The most common colorectal cancer is colon adenocarcinoma (COAD), which accounts for 66.1% of the disease (Ji et al., 2017). Overall COAD survival has not substantially improved over the past few decades (Liu, Chen & Xu, 2018) and its prognosis remains poor due to the delay in diagnosis, advanced stage of disease, and lack of histology-specific treatment (Al-Tonbary, Darwish & El-Hussein, 2013). Therefore, identification of novel biomarkers for early diagnosis and development of histology-specific targets is one of the foremost challenges for individual treatment of COAD.

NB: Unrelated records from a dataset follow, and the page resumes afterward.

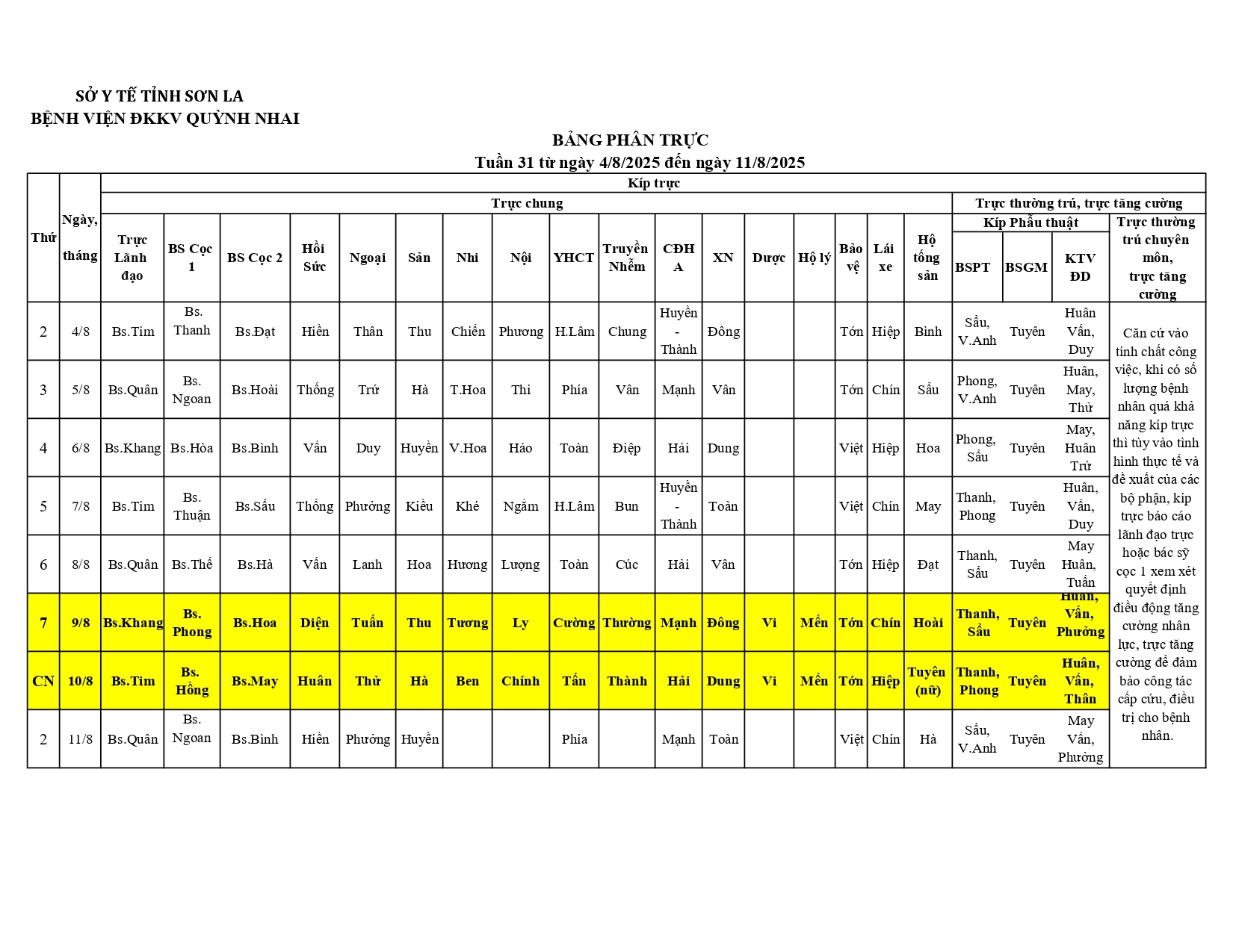 Tuần 31 từ ngày 4/8/2025 đến ngày 11/8/2025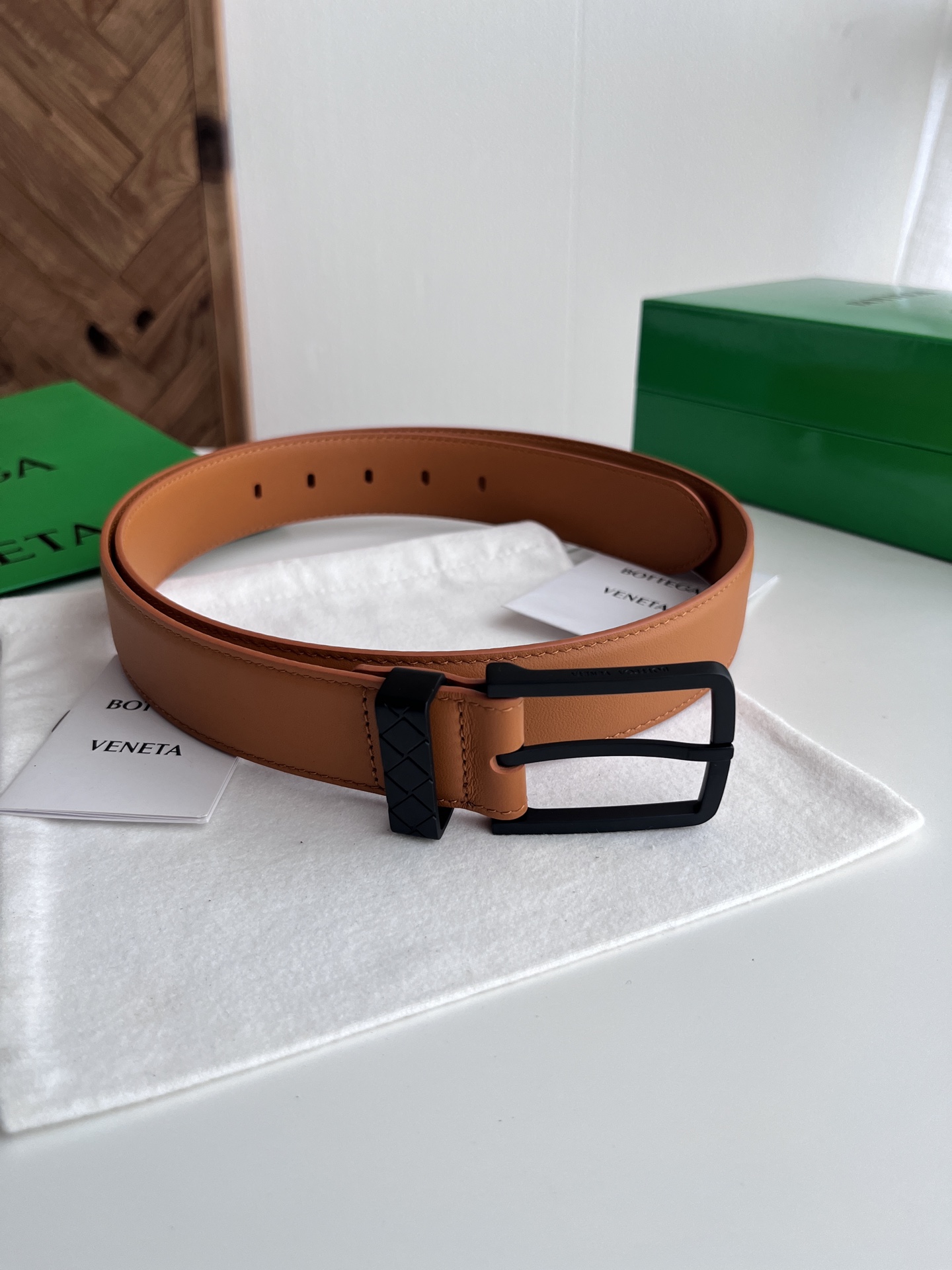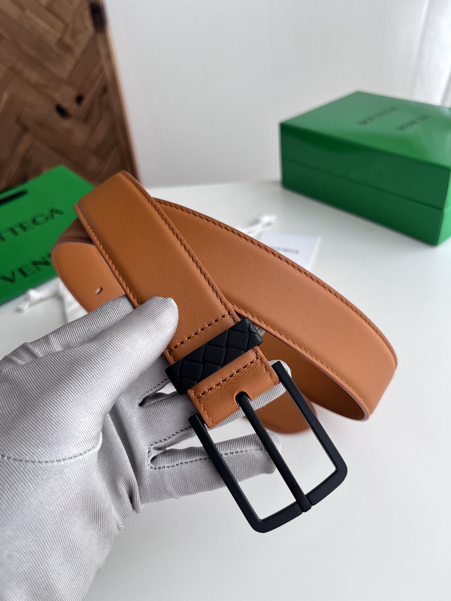 Bv 2025 men's belt, double-sided Italian calfskin, vintage silver buckle, 35mm width.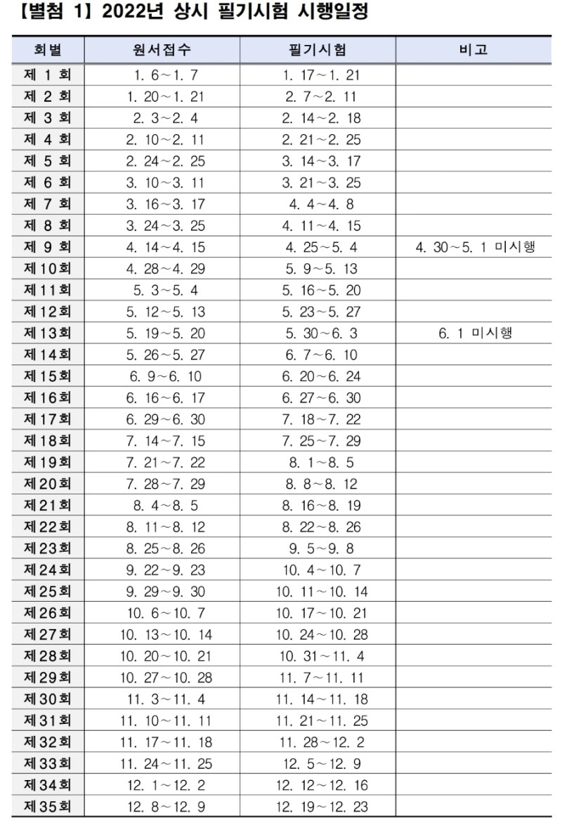 - 필기시험 합격예정자 및 최종합격자 발표시간은 해당 발표일 09:00임.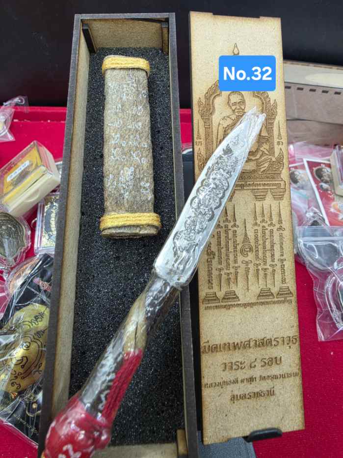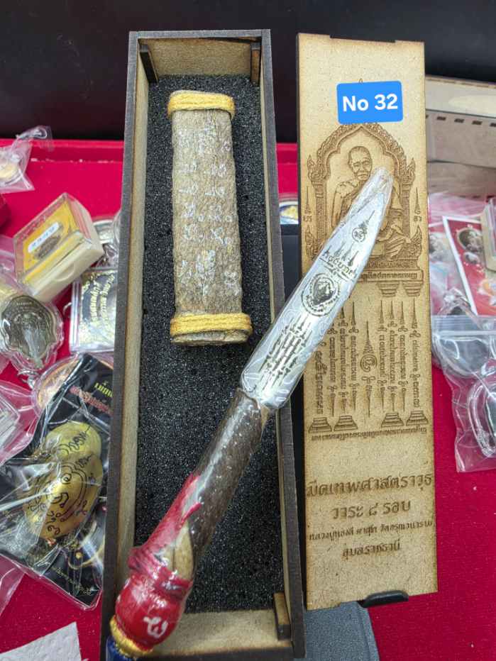มีดหมอหนังช้างแท้ 2หน้า ลายพญาครุฑ กับ นาคเกี้ยว No.32วาระ 8 รอบหลวงปู่ทองดี จังหวัดอุบลราชธานี พร้อมกล่องไม้เดิมๆ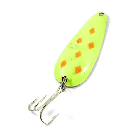 Лаймово-зелена фарба вкриває опуклу сторону цієї коливальної блешні вагою 1/3 унції (9,5 г), яку доповнює характерний візерунок із шести помаранчевих ромбів. За довжини 2 1/4 дюйма (5,5 см) цей примірник Blue Fox Aqua демонструє чіткі лінії та надійну конструкцію, притаманну виробам бренду періоду виробництва в США. Переверніть приманку, щоб побачити полірований сріблястий реверс із чітким глибоким штампуванням, що вказує назву моделі, вагу та країну походження. Стан 4/5 свідчить про добре збережений виріб із лише незначними ознаками віку, що гарантує яскравість неонового лаймового покриття на металевому тлі. Оснащення включає міцний трійник, закріплений за допомогою заводного кільця, а в носовій частині передбачено отвір для прямої прив'язки ліски або кріплення через застібку. Колекціонери вінтажних снастей Blue Fox, зокрема моделі 1951, часто шукають саме такий контраст кольорів через його відмінну помітність у різних умовах на воді.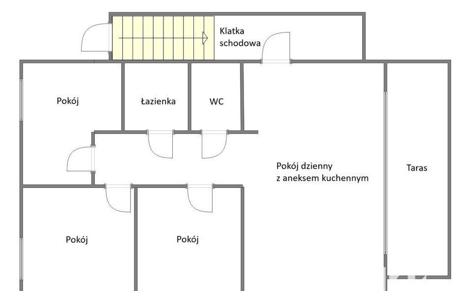- 4 pokoje: duży pokój dzienny z aneksem kuchennym + 3 sypialnie.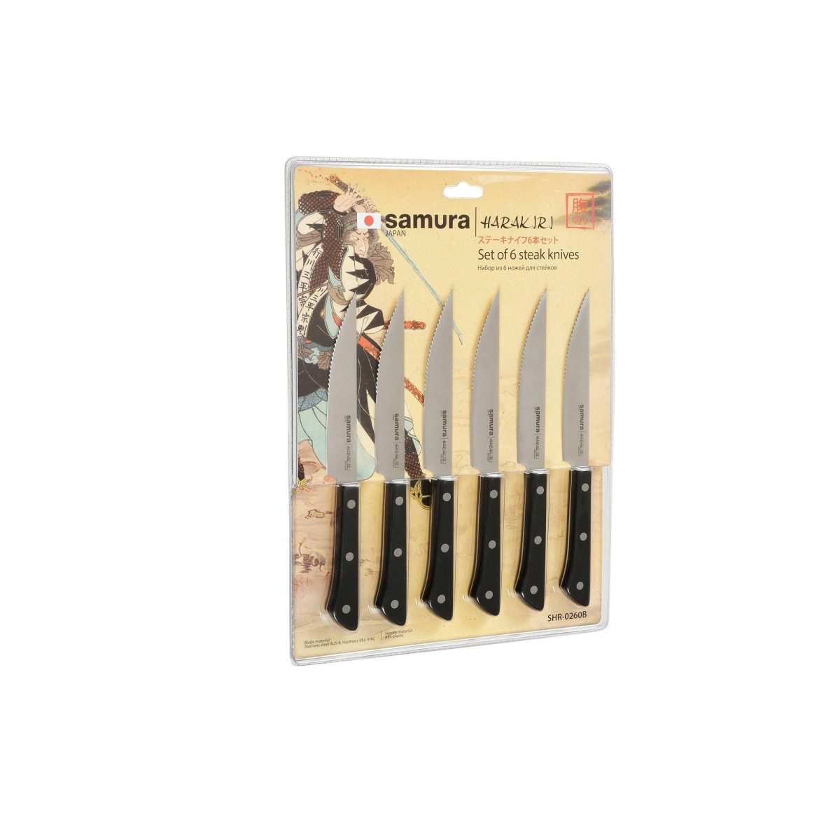 Превосходный по своей функциональности набор из серии Harakiri состоит из щести самых востребованных ножей во время праздничного ужина. Стейковыми ножами часто сервируют стол, если в меню предусмотрено мясо. Серейторная заточка тонкого лезвия эффективно справляется с мясными волокнами, позволяя гостям без проблем употреблять в пищу сложные блюда.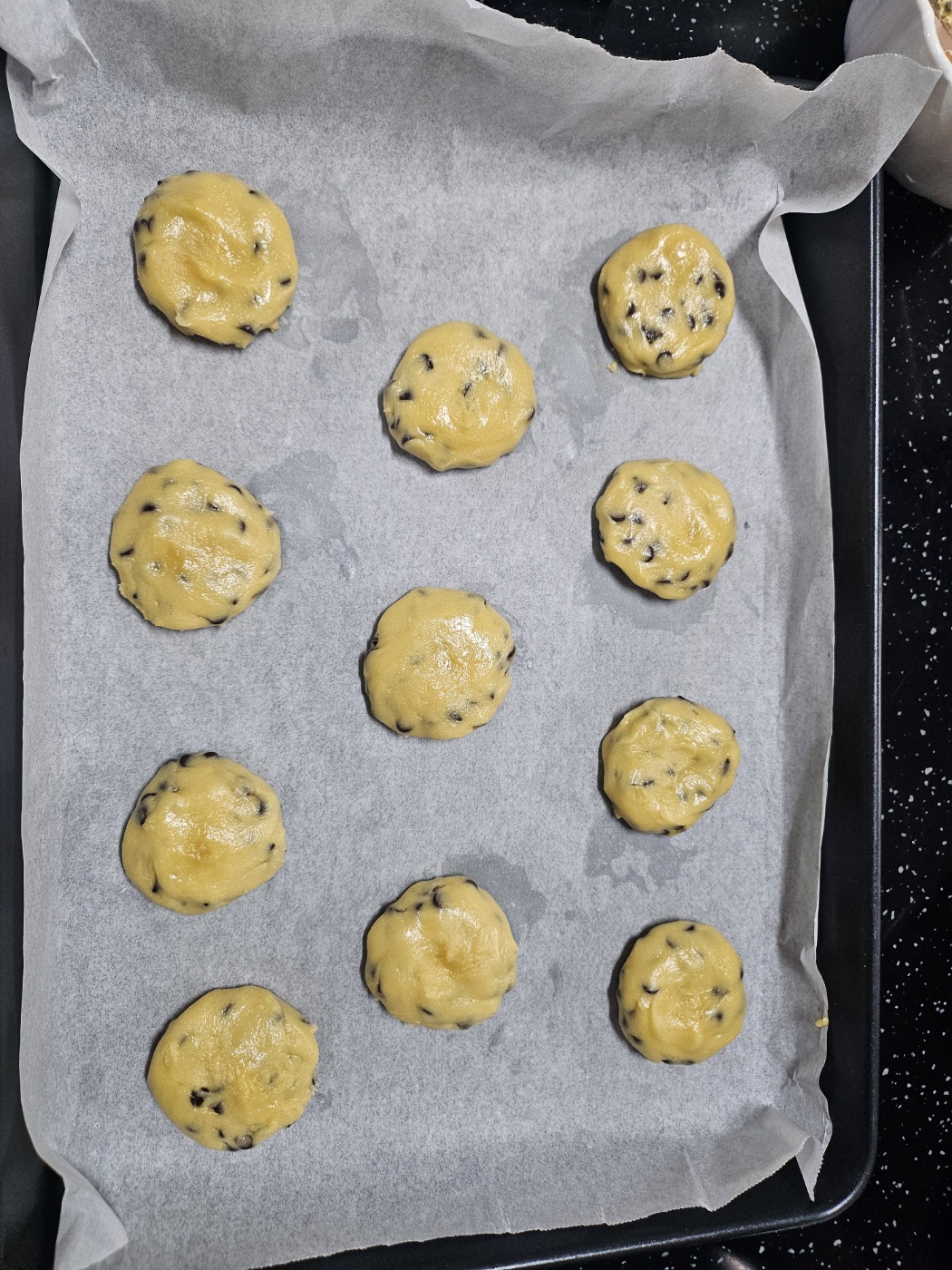 이제 섞인 반죽을 오븐에 팬닝한 뒤 이대로 냉장고에 넣어 1시간 휴지시켜줍니다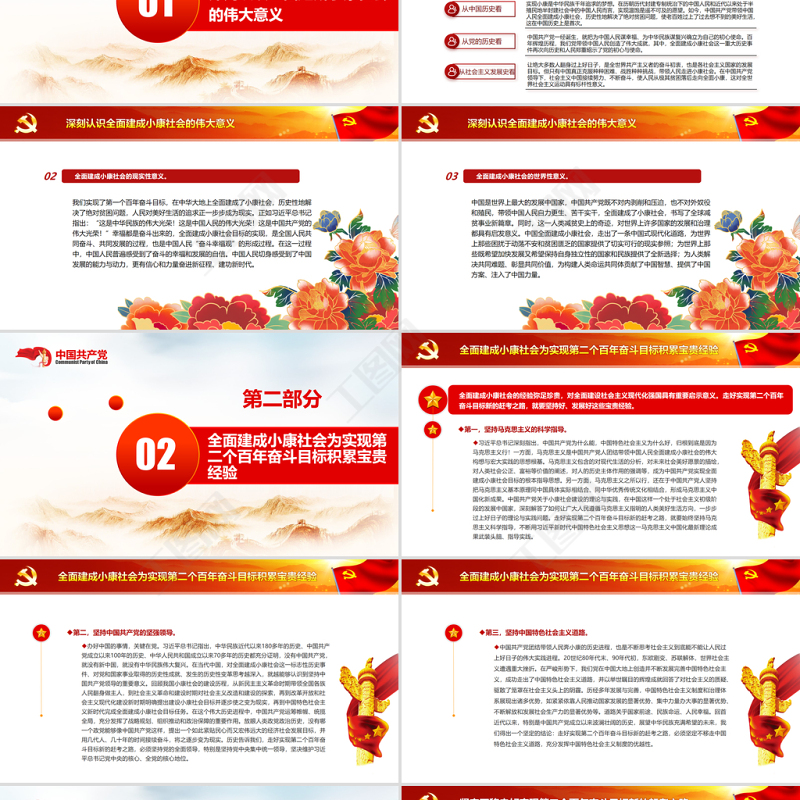 深刻認識全面建成小康社會的偉大意義在中華大地上全面建成小康社會,是我們黨百年奮斗的偉大成就,中國共產(chǎn)黨兌現(xiàn)了向中國人民的鄭重承諾,向歷史、向世界交出了一份優(yōu)異答卷。全面建成小康社會的歷史性意義。01從中國歷史看從黨的歷史看實現(xiàn)小康是中華民族千年追求的夢想。在歷朝歷代封建專制統(tǒng)治下的中國人民和近代以來處于半殖民地半封建社會中的中國人民而言,實現(xiàn)溫飽是遙不可及的愿望。如今,中國共產(chǎn)黨帶領(lǐng)中國人民全面建成小康社會,歷史性地解決了絕對貧困問題,使老百姓過上了過去想不到的美好生活,這在中國歷史上是首次。中國共產(chǎn)黨一經(jīng)誕生,就把為中國人民謀幸福、為中華民族謀復(fù)興確立為自己的初心使命。百年輝煌歷程,我們黨帶領(lǐng)中國人民創(chuàng)造了偉大成就,其中,全面建成小康社會這一重大歷史事件再次向歷史和人民鄭重昭示了黨的初心與使命。從社會主義發(fā)展史看讓絕大多數(shù)人翻身過上好日子,是全世界共產(chǎn)主義者的奮斗初衷,也是各社會主義國家的發(fā)展目標。但只有中國真正克服種種困難、戰(zhàn)勝種種挑戰(zhàn),帶領(lǐng)人民走進小康社會。在中國共產(chǎn)黨領(lǐng)導(dǎo)下,社會主義中國接續(xù)努力、不斷奮斗,使人民從極其貧困落后走向全面小康,這對全世界社會主義運動具有標桿性意義。

There is a strong and multifaceted connection between cell metabolism and cancer (Vander Heiden, Cantley & Thompson, 2009). Altered cellular metabolism can meet cancer cell anabolic demands that result from untethered cellular growth and aberrant differentiation. Metabolic reprogramming is widely observed during cancer development to confer cancer cells the ability to survive and proliferate, even under stressful conditions, such as limited nutrients (Li & Zhang, 2016). Energy metabolism reprogramming, which fuels fast cell growth and proliferation by adjustments in energy metabolism, is considered an emerging hallmark of cancer (Hanahan & Weinberg, 2011). Thus, new strategies for treating various malignancies by targeting cancer metabolism are gaining increasing attention.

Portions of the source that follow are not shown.